Excerpted records =>

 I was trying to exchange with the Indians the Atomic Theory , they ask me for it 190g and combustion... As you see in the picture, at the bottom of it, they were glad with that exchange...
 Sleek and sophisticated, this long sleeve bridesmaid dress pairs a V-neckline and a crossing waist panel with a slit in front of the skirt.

...

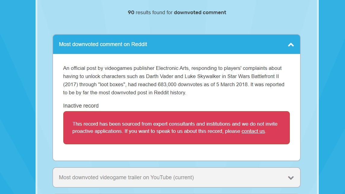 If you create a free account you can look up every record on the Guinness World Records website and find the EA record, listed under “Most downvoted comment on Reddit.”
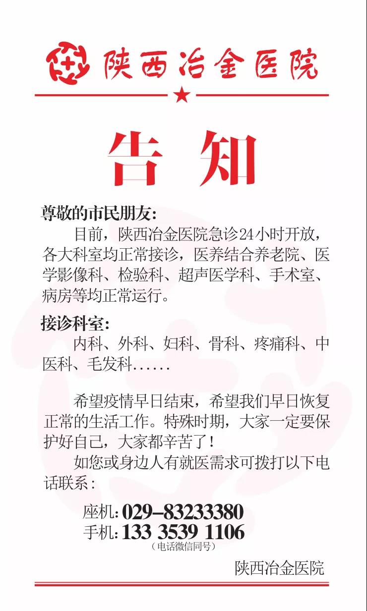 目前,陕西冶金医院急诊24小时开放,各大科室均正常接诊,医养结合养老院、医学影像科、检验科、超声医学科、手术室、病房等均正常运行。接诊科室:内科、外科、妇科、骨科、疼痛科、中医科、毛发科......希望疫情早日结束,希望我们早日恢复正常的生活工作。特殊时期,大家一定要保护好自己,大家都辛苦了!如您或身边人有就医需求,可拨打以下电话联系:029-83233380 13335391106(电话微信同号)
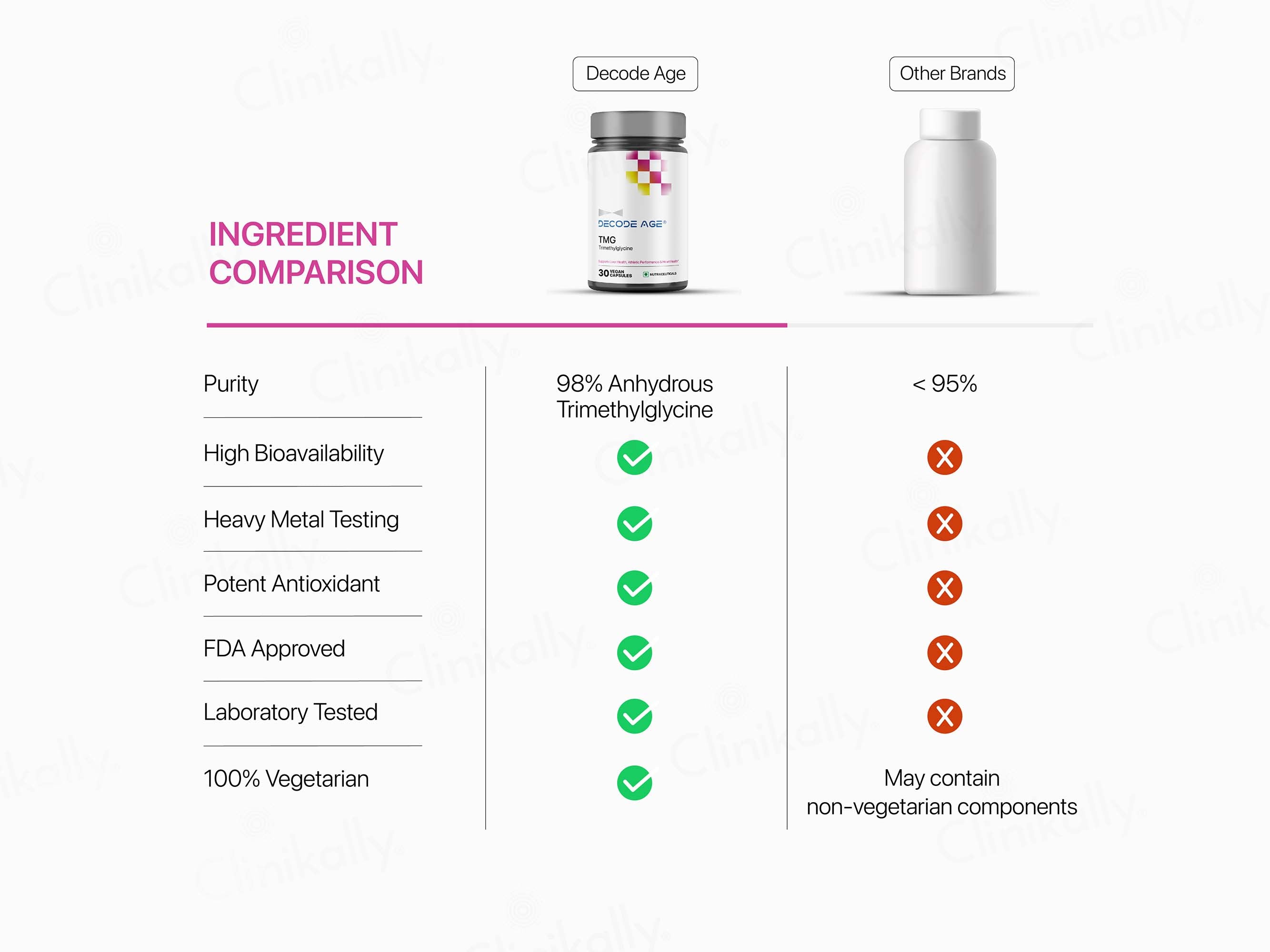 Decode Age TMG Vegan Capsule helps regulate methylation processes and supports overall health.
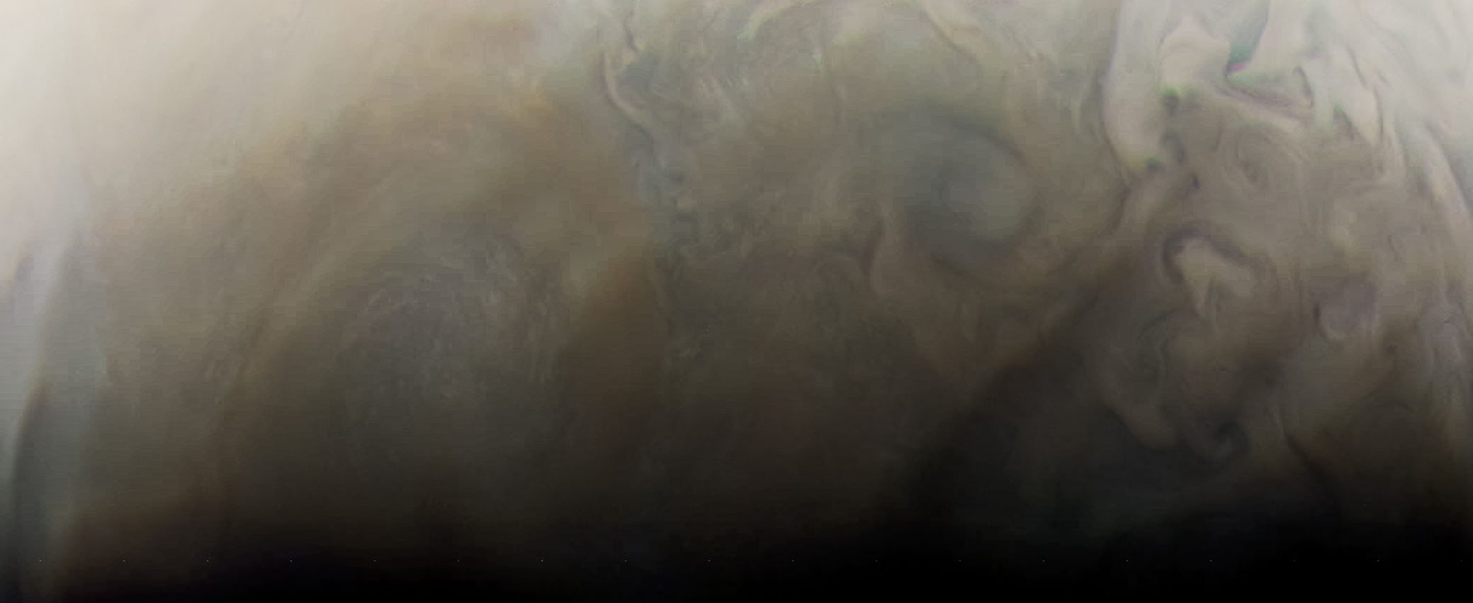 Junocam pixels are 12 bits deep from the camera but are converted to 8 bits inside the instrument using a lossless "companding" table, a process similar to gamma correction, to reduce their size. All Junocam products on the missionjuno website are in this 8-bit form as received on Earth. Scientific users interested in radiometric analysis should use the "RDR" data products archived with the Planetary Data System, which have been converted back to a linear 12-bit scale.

Task details => In the listing above, find the line containing "I was trying" and the line containing "Sleek and sophisticated, this", then repeat those two lines and everything between them exactly.

Response area =>
 I was trying to exchange with the Indians the Atomic Theory , they ask me for it 190g and combustion... As you see in the picture, at the bottom of it, they were glad with that exchange...
 Sleek and sophisticated, this long sleeve bridesmaid dress pairs a V-neckline and a crossing waist panel with a slit in front of the skirt.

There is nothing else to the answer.